[Task details]: Copy the records that follow exactly as written, but not their pictures.

[Task material]:
· · · · · · ·
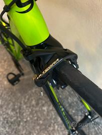 Stupenda Cannondale Caad12 Taglia 54 come nuova telaio in alluminio cannondale speciale (l’ultima bici in alluminio da corsa) forcella in carbonio, montata shimano Ultegra 11v Guarnitura Cannondale 50-34 superleggera, pedivelle 172,5, pignoni 11-28. Ruote DtSwiss RR21Dicut leggerissime gomme pirelli pzero 28mm camere d’aria shwalbe aerotan. Sella Fizik Antares. Reggisella Carbonio Cannondale. Stem Cannondale, manubrio Fsa. Perfetta come nuova.
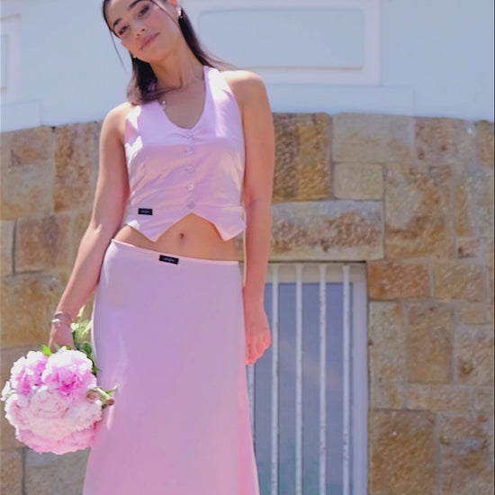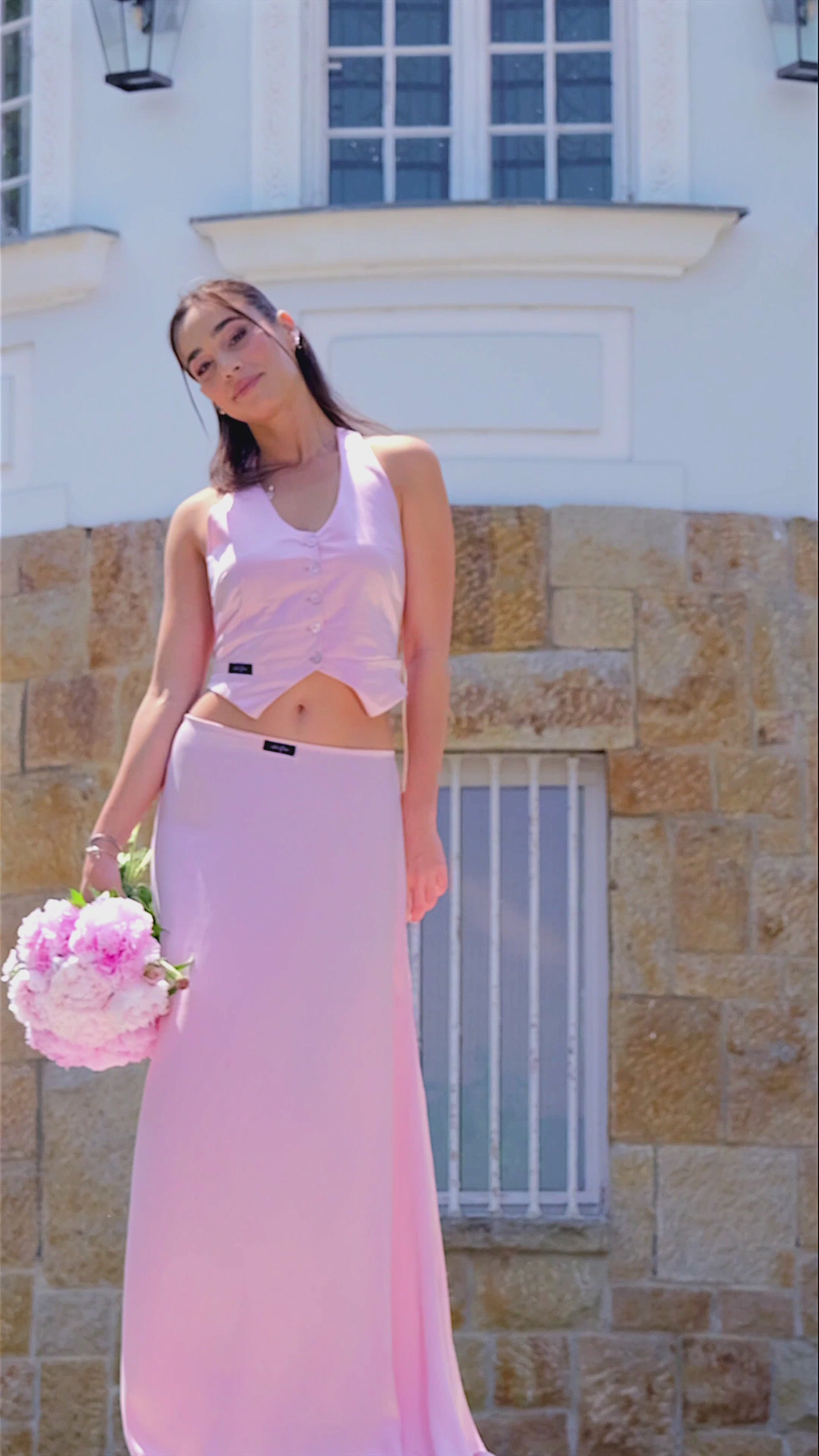Ez a légies esésű, púderrózsaszín szoknya 100% hernyóselyemből készült, egy luxusérzetet keltő alap darab, mely kifinomult és időtlen.
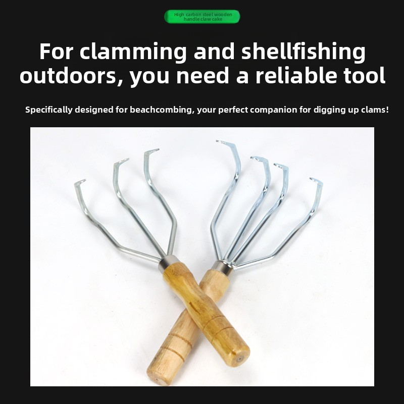 Râteau en bois en acier inoxydable pour creuser des palourdes, des palourdes et des plantes aquatiques, râteau en fer spécial pour le peignage et le creusement
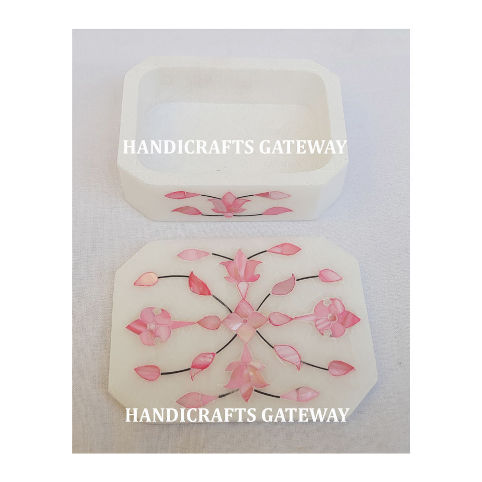Design unique nouvelle vente pour le prix budgétaire à la main finition fine marbre blanc nacre incrustation pierre boîte motif floral
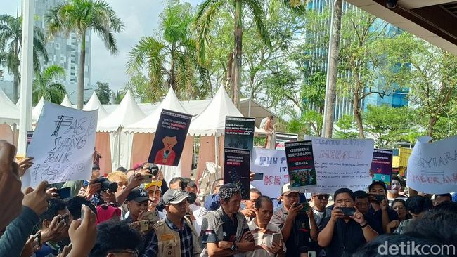 Dilihat detikSumbagsel di lokasi, puluhan wartawan membentangkan poster dan spanduk berisi tuntutan. Beberapa poster dan spanduk tersebut di antaranya 'Hentikan Pembahasan UU Kontroversi di Akhir Jabatan', 'RUU Penyiaran sama Halnya kembali ke Orde Baru, Jangan Hambat Kebebasan Pers' dan spanduk besar bertuliskan Tolak RUU Penyiaran.
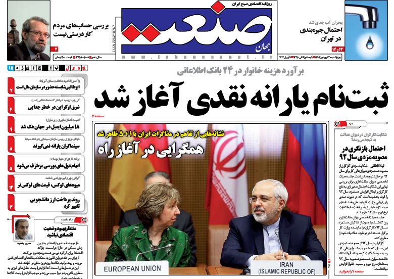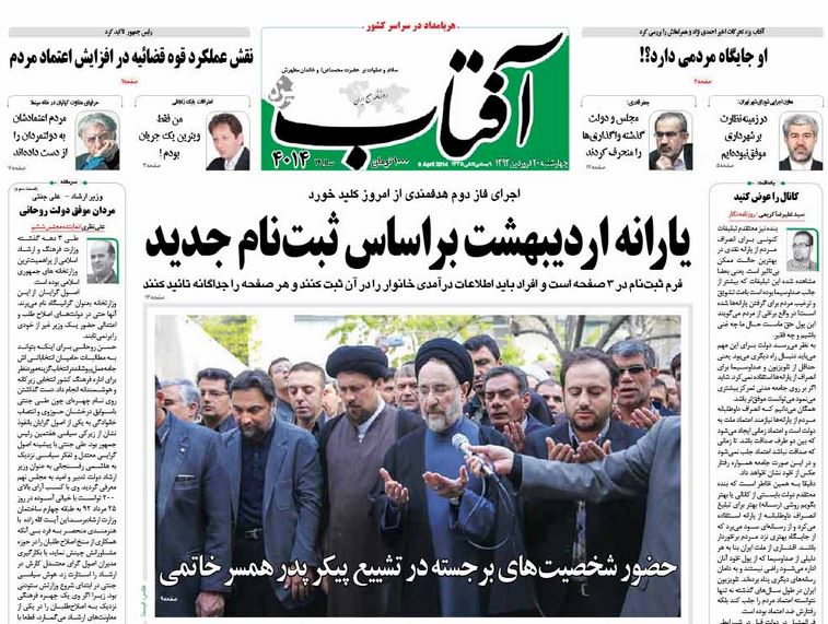 صفحه اول روزنامه های امروز چهارشنبه 20 فروردین
· · · · · · ·
[Answer section]:
 Stupenda Cannondale Caad12 Taglia 54 come nuova telaio in alluminio cannondale speciale (l’ultima bici in alluminio da corsa) forcella in carbonio, montata shimano Ultegra 11v Guarnitura Cannondale 50-34 superleggera, pedivelle 172,5, pignoni 11-28. Ruote DtSwiss RR21Dicut leggerissime gomme pirelli pzero 28mm camere d’aria shwalbe aerotan. Sella Fizik Antares. Reggisella Carbonio Cannondale. Stem Cannondale, manubrio Fsa. Perfetta come nuova.
Ez a légies esésű, púderrózsaszín szoknya 100% hernyóselyemből készült, egy luxusérzetet keltő alap darab, mely kifinomult és időtlen.
 Râteau en bois en acier inoxydable pour creuser des palourdes, des palourdes et des plantes aquatiques, râteau en fer spécial pour le peignage et le creusement
Design unique nouvelle vente pour le prix budgétaire à la main finition fine marbre blanc nacre incrustation pierre boîte motif floral
 Dilihat detikSumbagsel di lokasi, puluhan wartawan membentangkan poster dan spanduk berisi tuntutan. Beberapa poster dan spanduk tersebut di antaranya 'Hentikan Pembahasan UU Kontroversi di Akhir Jabatan', 'RUU Penyiaran sama Halnya kembali ke Orde Baru, Jangan Hambat Kebebasan Pers' dan spanduk besar bertuliskan Tolak RUU Penyiaran.
 صفحه اول روزنامه های امروز چهارشنبه 20 فروردین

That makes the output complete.